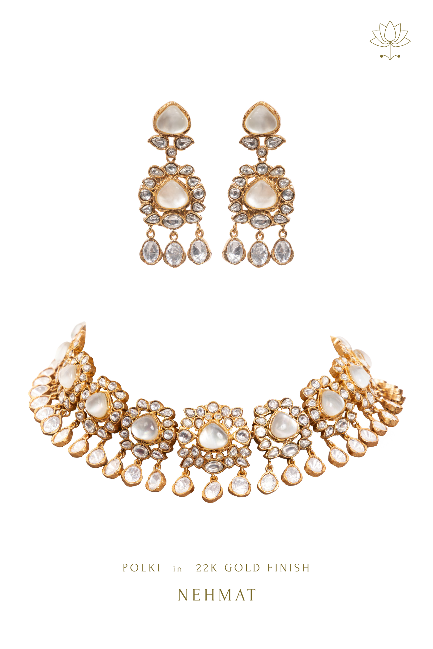 Soft as moonlight, The Noor-e-Moti Choker captures the glow of tradition with a touch of serene modernity. Each petal-shaped Mother of Pearl is encircled with hand-set Polki, creating a gentle rhythm of shimmer and sophistication. Crafted in a warm copper-brass alloy, this piece celebrates quiet grandeur — perfect for the bride who loves timeless elegance wrapped in subtle luminosity.
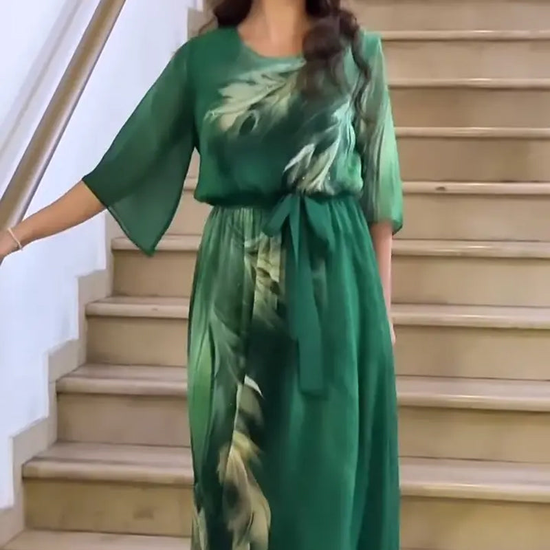 A csomag tartalma: 1×kerek nyakú, nyomtatott maxi ruha övvel
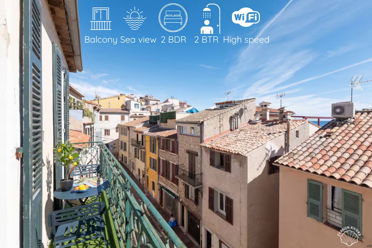 Newly renovated property with 2 bedrooms and 1 bathroom with direct view on the sea, the beach and the mountain. With all modern amenities (AC, WIFI, APPLE TV....) and beautiful decoration, this property has everything: a well equipped kitchen, large sitting-room, great dining-room. Linen and towels are provided with sample cosmetic items. A full concierge service is provided. Located in the heart of old Antibes, it is close to the train station, buse and the provencal market!
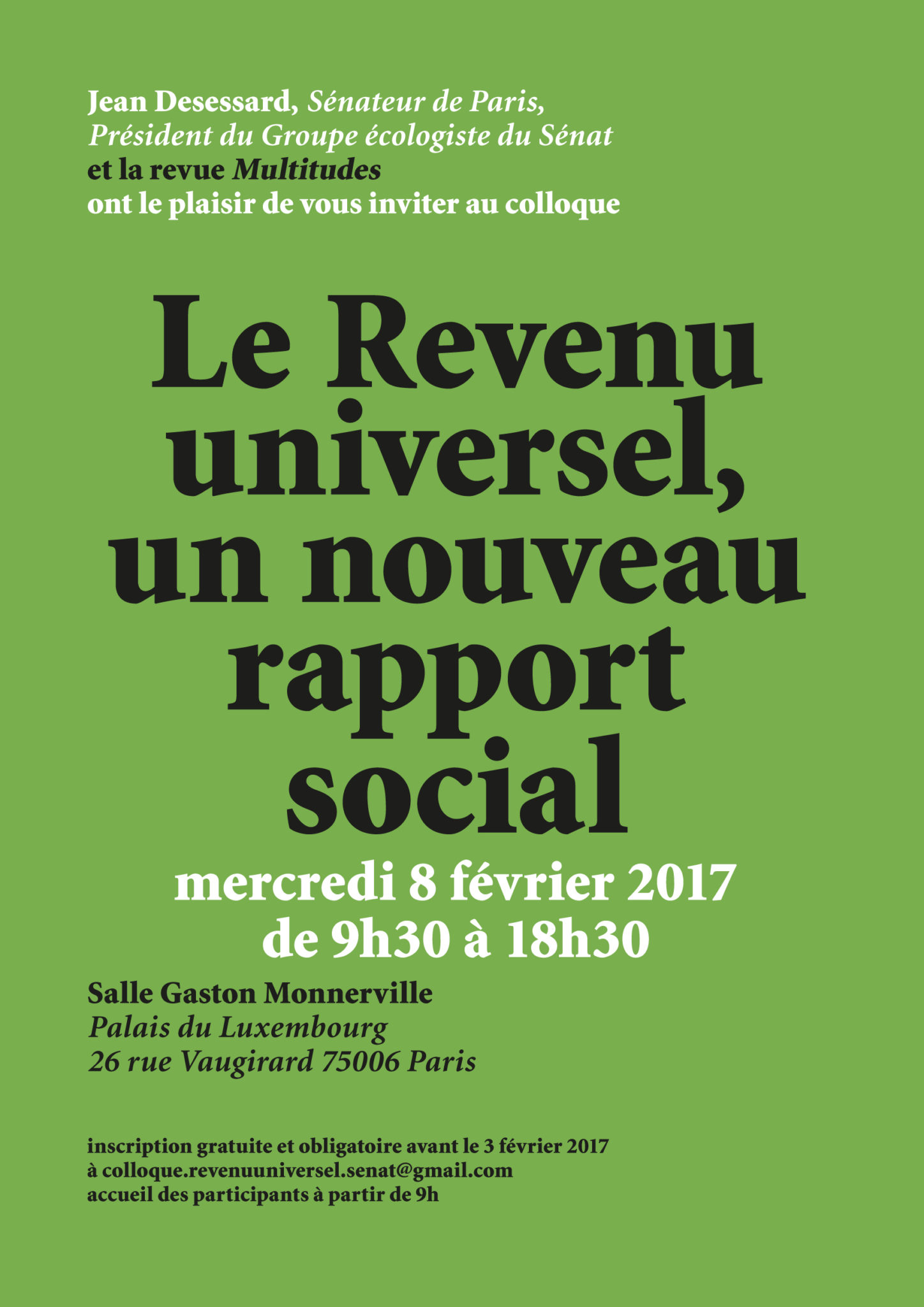 Le revenu universel a trouvé son exposition, et pas n’importe où : au Sénat. Le 8 février 2017, toute la complexité de cet enjeu de société trouvait son expression. Les forces en présence ? La revue Multitudes et sa cohorte de philosophes et sociologues, les sénateurs « de tous bords politiques » et leur rapport, rendu le 9 octobre 2016, le Mouvement Français pour un Revenu de Base, un conseiller de Benoît Hamon, et dans la salle, Réseau Salariat, partisans, opposants, néophytes ! En somme, presque toute la sphère qui gravite autour de ce revenu universel si controversé. Le MRFB, une association créée en 2013, qui se donne « pour mission de promouvoir le revenu universel dans le débat public, jusqu’à son instauration », propose aux organisations politiques de se poser en acteur et consultant. Elle donne du revenu de base une définition qui aide à le comprendre : il est versé à chaque individu (individuel), de sa naissance à sa mort (permanent), sans aucune contrepartie (inconditionnel), quel que soit son revenu ou sa situation professionnelle (universel), en s’additionnant aux autres revenus et à certaines allocations (cumulable). À cela, rajoutons qu’il est un droit fondamental pour tous les citoyens (inaliénable).
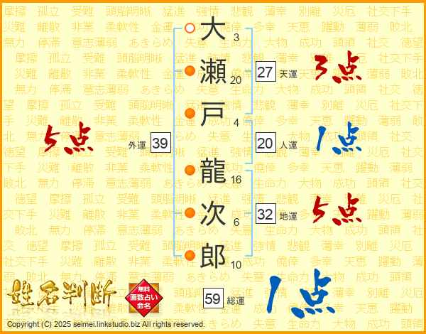 大(3画)瀬(20画)戸(4画) 龍(16画)次(6画)郎(10画)
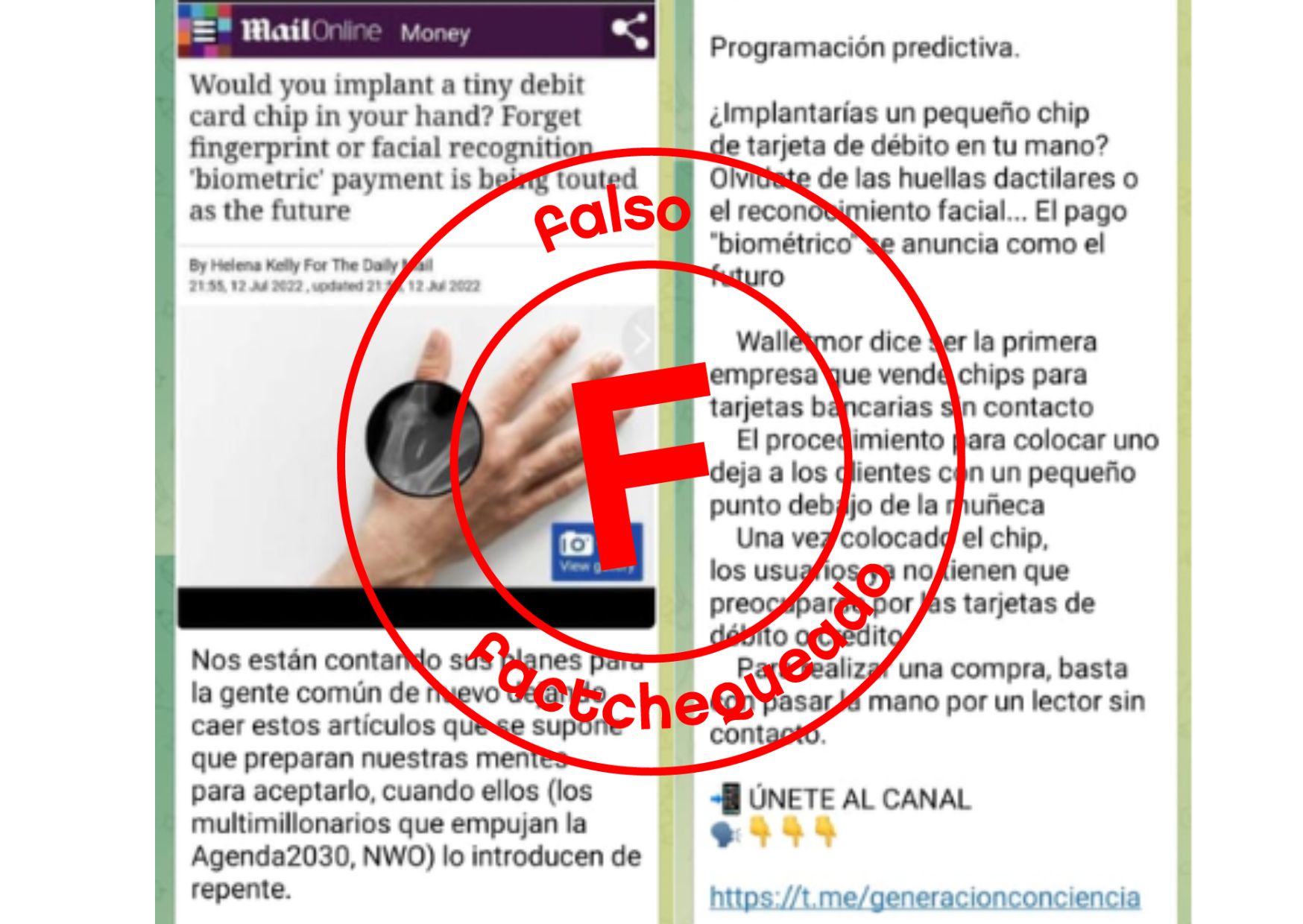 Por otro lado, abundan las desinformaciones que señalan que la ONU quiere obligar a la población a utilizar un chip biométrico, con el objetivo de controlar todos los movimientos de las personas. Esto también es falso, como se explica en esta nota.
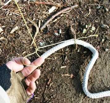 Para hacer esto, atar la throwline a la línea de escalada sobre un pie del extremo. Hay un montón de tirones que funcionarán para este - investigación del tema en línea. Consulte las fotos de abajo también.
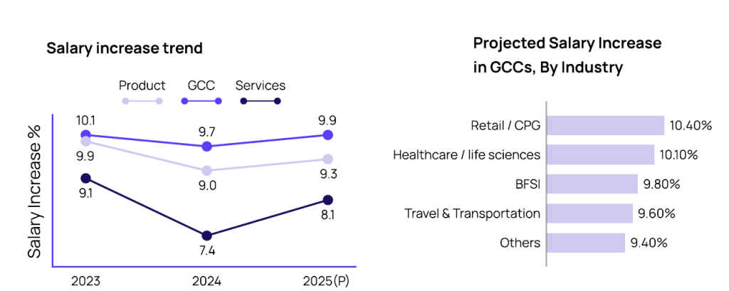 Despite macroeconomic caution, the report reveals that GCCs are doubling down on investments in critical talent. While the average hike is 9.9%, high-demand roles in cloud, AI, product, and cybersecurity are commanding even higher premiums.

+---+

Return all the data above as written, leaving out only the pictures.

TASK RESULT:
 Soft as moonlight, The Noor-e-Moti Choker captures the glow of tradition with a touch of serene modernity. Each petal-shaped Mother of Pearl is encircled with hand-set Polki, creating a gentle rhythm of shimmer and sophistication. Crafted in a warm copper-brass alloy, this piece celebrates quiet grandeur — perfect for the bride who loves timeless elegance wrapped in subtle luminosity.
 A csomag tartalma: 1×kerek nyakú, nyomtatott maxi ruha övvel
 Newly renovated property with 2 bedrooms and 1 bathroom with direct view on the sea, the beach and the mountain. With all modern amenities (AC, WIFI, APPLE TV....) and beautiful decoration, this property has everything: a well equipped kitchen, large sitting-room, great dining-room. Linen and towels are provided with sample cosmetic items. A full concierge service is provided. Located in the heart of old Antibes, it is close to the train station, buse and the provencal market!
 Le revenu universel a trouvé son exposition, et pas n’importe où : au Sénat. Le 8 février 2017, toute la complexité de cet enjeu de société trouvait son expression. Les forces en présence ? La revue Multitudes et sa cohorte de philosophes et sociologues, les sénateurs « de tous bords politiques » et leur rapport, rendu le 9 octobre 2016, le Mouvement Français pour un Revenu de Base, un conseiller de Benoît Hamon, et dans la salle, Réseau Salariat, partisans, opposants, néophytes ! En somme, presque toute la sphère qui gravite autour de ce revenu universel si controversé. Le MRFB, une association créée en 2013, qui se donne « pour mission de promouvoir le revenu universel dans le débat public, jusqu’à son instauration », propose aux organisations politiques de se poser en acteur et consultant. Elle donne du revenu de base une définition qui aide à le comprendre : il est versé à chaque individu (individuel), de sa naissance à sa mort (permanent), sans aucune contrepartie (inconditionnel), quel que soit son revenu ou sa situation professionnelle (universel), en s’additionnant aux autres revenus et à certaines allocations (cumulable). À cela, rajoutons qu’il est un droit fondamental pour tous les citoyens (inaliénable).
 大(3画)瀬(20画)戸(4画) 龍(16画)次(6画)郎(10画)
 Por otro lado, abundan las desinformaciones que señalan que la ONU quiere obligar a la población a utilizar un chip biométrico, con el objetivo de controlar todos los movimientos de las personas. Esto también es falso, como se explica en esta nota.
 Para hacer esto, atar la throwline a la línea de escalada sobre un pie del extremo. Hay un montón de tirones que funcionarán para este - investigación del tema en línea. Consulte las fotos de abajo también.
 Despite macroeconomic caution, the report reveals that GCCs are doubling down on investments in critical talent. While the average hike is 9.9%, high-demand roles in cloud, AI, product, and cybersecurity are commanding even higher premiums.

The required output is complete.